More broadly, I would suggest that following novelists helped Nelson uncover one variant of commons democracy. It seems that Frontier commoning intrigued 19th-century novelists and, in turn, Nelson. Which raises the question: Has Nelsons’ source base clouded out other forms of commons democracy? For example, the often urban, immigrant radicals who populate Seth Cotlar’s Tom Paine’s America advocated for participatory politics and espoused equalitarian ideas about property distribution. Moving forward through time and outside of cities, I wonder about the similarities between commons democracy as Nelson describes it and Jacksonian-era utopian communities in the Burned-Over district. There are many other examples of ordinary people forming and enacting their own communal visions for democracy. Is there something fundamentally different between these groups and those that Nelson focuses on in Commons Democracy, besides that the former were not fodder for novels? Or can we define commons democracy more broadly so as to include them?
Thinking very broadly about commons democracy seems important because Nelson concludes in the epilogue that commons democracy is a necessary ingredient in American democracy. ‘I’m persuaded by Brackenridge’s advocacy for “the middle way”’, Nelson writes. It can both help ‘overcome local tyrannies’ and shield localities from bureaucratic abuses (p. 178). For Nelson, ‘the vernacular daily ordinariness of commons democracy was neither an obstacle to the cultivation of the Framers’ liberal, representative democracy nor a misunderstanding of it. Rather, it was the cultural, practiced ground on which the United States’ fabled democracy took root and held’ (p. 176). Yet in Nelson’s book, we rarely see commoners contributing to ‘wise administration’ (p. 178). We rarely see the ‘middle way’ in action, which makes it difficult to envision how to achieve it. Perhaps, though, we can find the ‘middle way’ in action elsewhere.
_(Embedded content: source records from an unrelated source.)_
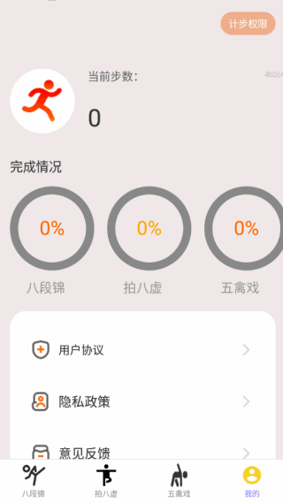4、進入“我的”模块,则能了解当前步数以及锻炼完成情况。
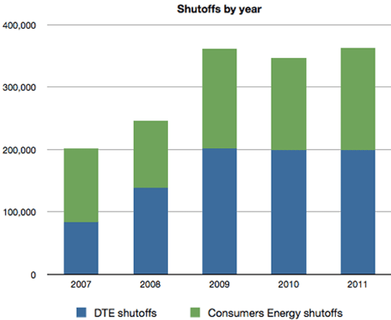 The shutoffs in 2011 by DTE were nearly two and a half times the level in 2007, before the onset of the economic crisis. That is, as more people are suffering from unemployment and poverty, the utility companies have moved ruthlessly to deny them the most basic necessitates.
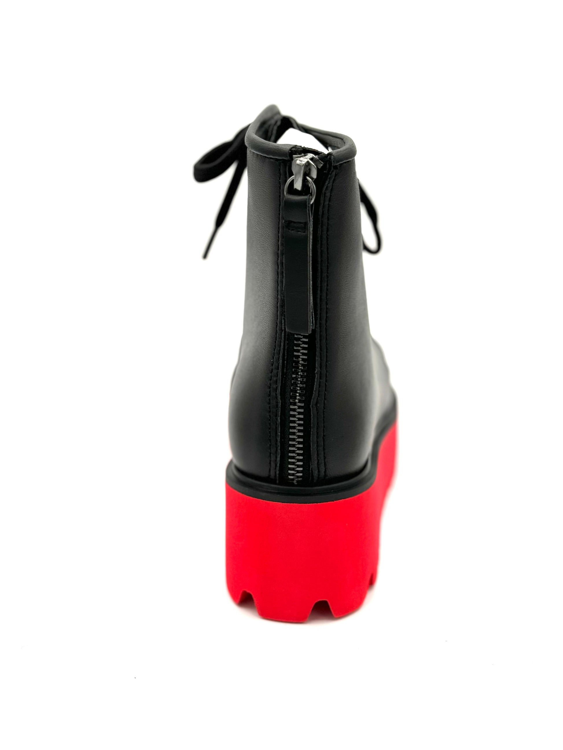 Leather lace up platform boot with red sole and rear zipper
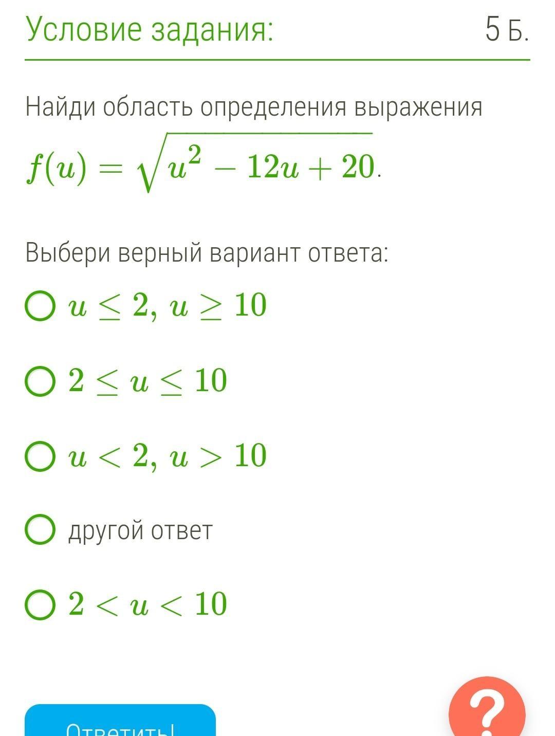 Найдём все значения u, для которых подкоренное выражение положительно или равно 0:
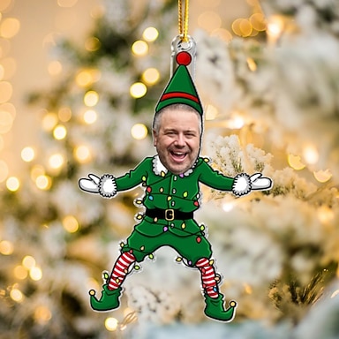 Décorations de Noël photo personnalisées, famille d'elfes drôles, visage personnalisé, ornements d'arbre de Noël, décoration de Noël, pendentif suspendu, cadeaux
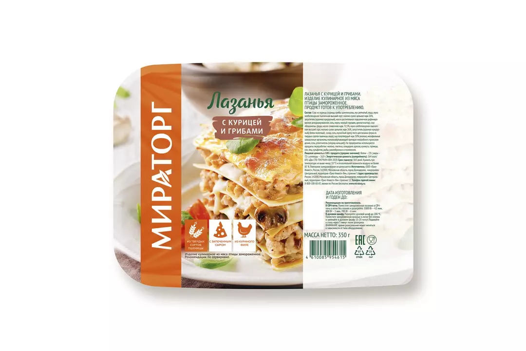 Лазанья Мираторг с курицей замороженная 350 г / Супермаркет
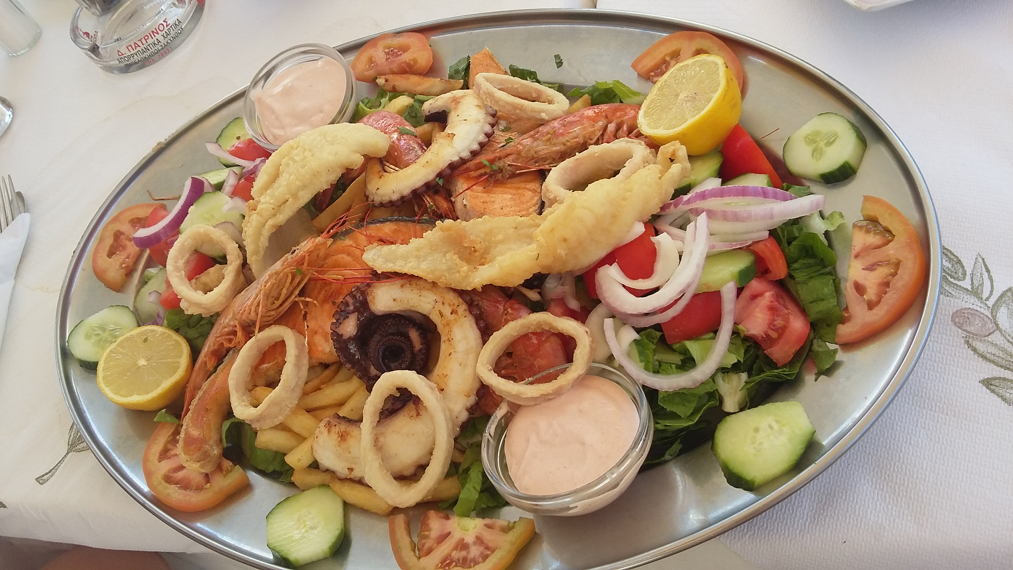 Laganas în timpul zilei arată ok — mai dezvoltată decât Alykanas, mai multe magazine și taverne, plajă lungă. Nu ne-a dat pe spate, dar am înțeles de ce e populară. Prânzul l-am luat la o tavernă lângă plajă — am comandat un platou de fructe de mare pentru două persoane, 40 EUR, nu la fel de bogat ca cel din Halkidiki de anul anterior, dar foarte gustos și meritat.

Nelson’s Commons Democracy deserves the attention of a wide range of early republic scholars, especially those interested in literature, democracy, and the political practices of ordinary Americans. This vigorously argued book offers a coherent paradigm for understanding an important part of the early American democratic tradition. The field would do well to run with Nelson’ framework and explore the full range of commons democracy in the early republic.
Author's Response
I first want to thank Dr. Boonshoft for his careful reading of and response to my book. Everyone hopes for readers who engage a book thoughtfully on its own terms, and I’m most grateful to have my work reviewed in that spirit.
Above all, I thank Dr. Boonshoft for his willingness to accept the premise I hazard, that political fiction from the early nation might actually help us limn a clearer picture of the historical practices of commons or vernacular democracy than archives have thus far enabled us to see. I accept his point that in chapter five, I reach the limit of my fictional sources by using Cooper’s Littlepage trilogy to suggest if not persuasively to argue that civic and resource communing were still manifest closer to the metropole. The Upper Hudson region of upstate New York was, as Boonschoft rightly observes, anomalous, where as he puts it ‘the fabric of representative political institutions was remarkably thin precisely because of the continued power of the manors’, leaving this neighborhood more like the frontier than the districts that bordered it. My accompanying gesture toward the Dorr’s Rebellion was insufficient to suffice in this respect.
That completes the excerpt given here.